そして、気管支鏡の技術は日本が世界をリードしているという事実はあまり知られていない。
今まで気管支鏡は、消化器内視鏡(胃カメラや大腸内視鏡)と比べて、明らかに遅れていた。それは、気管支と肺、胃と腸の構造の違いによるところが大きい。
胃と腸(消化管)は、その文字の通り一本の管で出来ているため、単純な構造であるのに対し、気管支は木のように無数に枝分れし、先にいけばいくほど細くなっていく。奥をみるためには、気管支鏡をどんどん細くしなければならないし、先端の操作性を高めなければならない。しかし、それには限界がある。
つまり、胃カメラでは病変を直接観察できるが、気管支鏡では病変を観察できるのは太い気管支にある病変だけである。いままで、直接観察できないものはX線透視で手探りで組織の生検を行ってきた。
そこで、最近でてきたのが、超音波やCT透視である。これを使うと、病変をちゃんと捉えているか確認できるため、自信をもって検査(生検)を行うことができるようになった。

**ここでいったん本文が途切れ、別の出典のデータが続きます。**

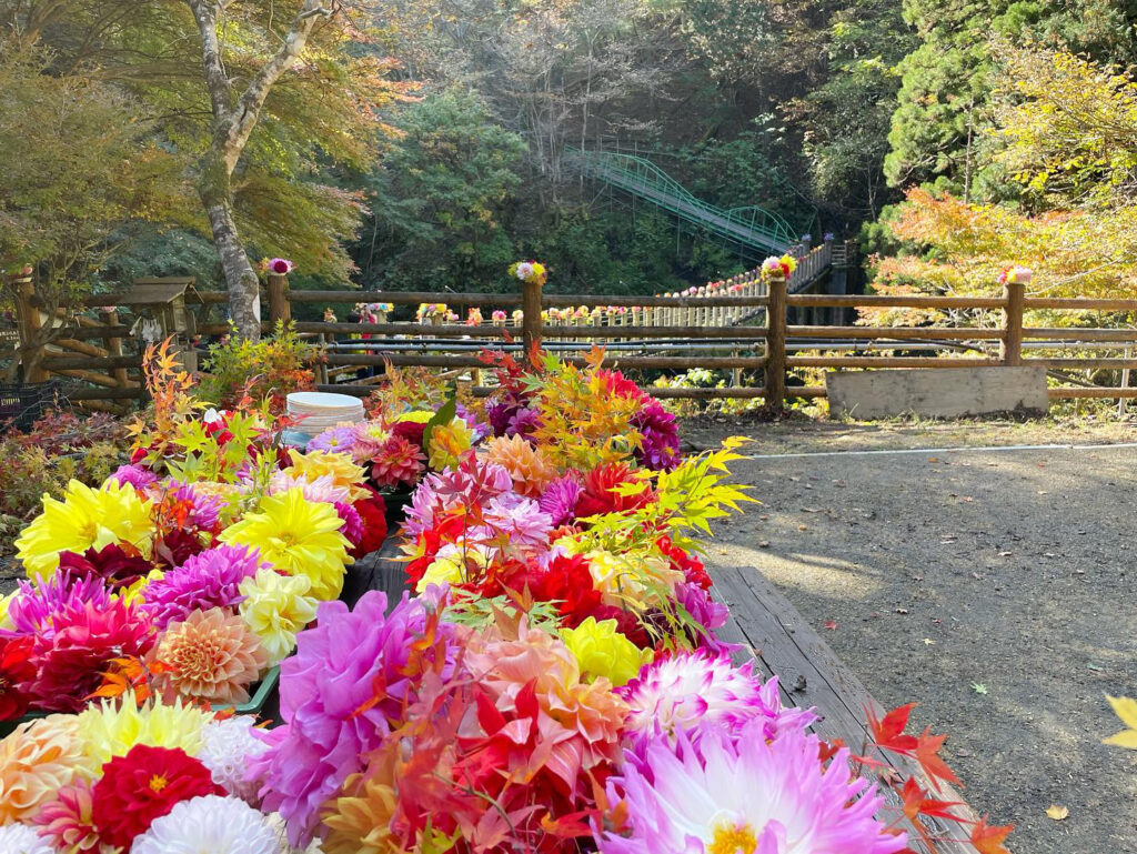 「この周辺は夏でも涼しく、過ごしやすい地域なんですよ。夏場にはウォーキングや渓流釣り(※1)を楽しめますし、ダリアが咲く時期には渓谷広場を彩る飾り付けを行うなど、1年を通して楽しめるように、みんなで試行錯誤しています。」
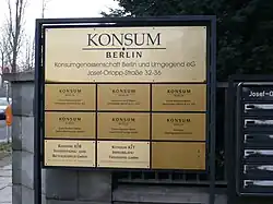 - ↑ Chronik auf der Internetseite konsum-berlin.de der Genossenschaft, 1945 bis 1989 ( vom 16. Januar 2017 im Internet Archive)
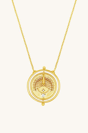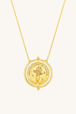 This double-sided spinner necklace is inspired by ancient sundials. One side inscribed with "AMIDST THE FLOWERS I TELL THE HOURS", a favorite motto on some sundials. The Hours Necklace was designed to embrace the moment. It is a reminder to pause amid the chaos, smell the flowers, and be present. - Gold Vermeil & White Topaz - 18" Long, Extends to 20" ; 1" Pendant Diameter
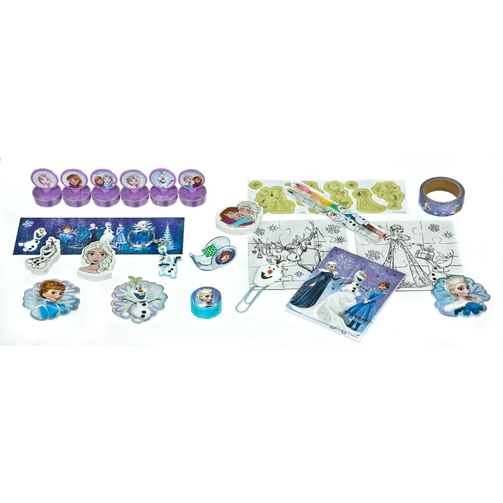 Uvnitř najdete pestrou směs doplňků a školních potřeb – od mini razítek a nálepek až po zápisníček či tvarované gumy. Vše sladěno do zimního světa FROZEN, aby byl každý den adventu opravdu magický.
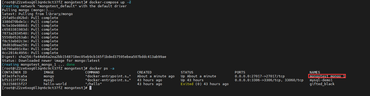 version: '3.1' services: mongo: image: mongo restart: always environment: MONGO_INITDB_ROOT_USERNAME: root MONGO_INITDB_ROOT_PASSWORD: example ports: - 27017:27017 volumes: - /home/mongotest:/data/db - 执行命令:
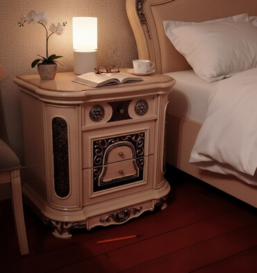 • Komodin – üstündə dekorativ işçilik, mərkəzdə ornamentli panel, iki çekmece və əlavə yuxarı bölmə.
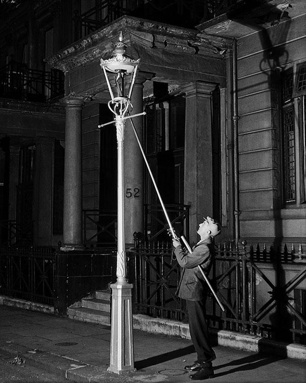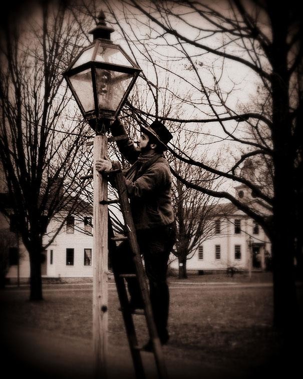 6. Фонарщики использовали длинные шесты, чтобы зажигать, гасить и заправлять уличные фонари, пока не появились электрические лампы.
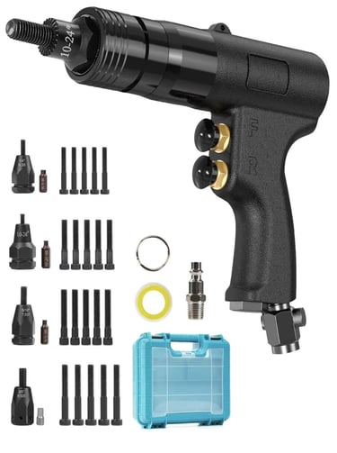 The 4-IN-1 Pneumatic/Air Rivet Nut Gun Set is a professional tool for quickly and efficiently installing Nutsert bolts in industrial or maintenance projects. It delivers reliable, precise performance, saving time and effort when working with metals, wood, or other materials.
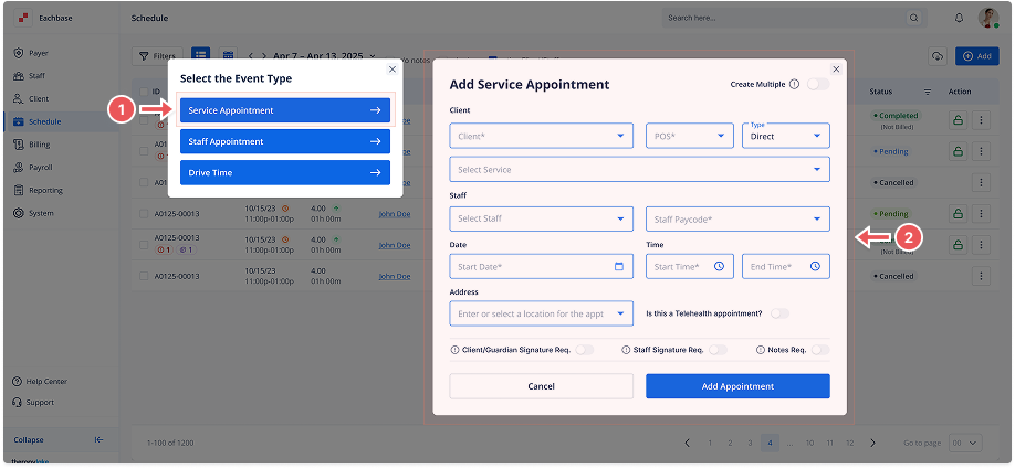 A modal labeled Select the Event Type will appear. Choose Service Appointment from the list of event types.

しかし、この超音波や生検鉗子をいかに末梢の小さな病変に誘導するかはまだ個人の経験、技術によるところが大きい。無数にある気管支の枝から一本の極細い枝を選んで、超音波を進めるようになるにはまだ手探り状態といっても良い。もちろん、そこにも技術開発の手は及んでいるが、実用化され普及するのはまだまだである。
近い将来、早期胃がんを胃カメラで根治できるように、早期肺がんを気管支鏡で根治できる日が来るかもしれない。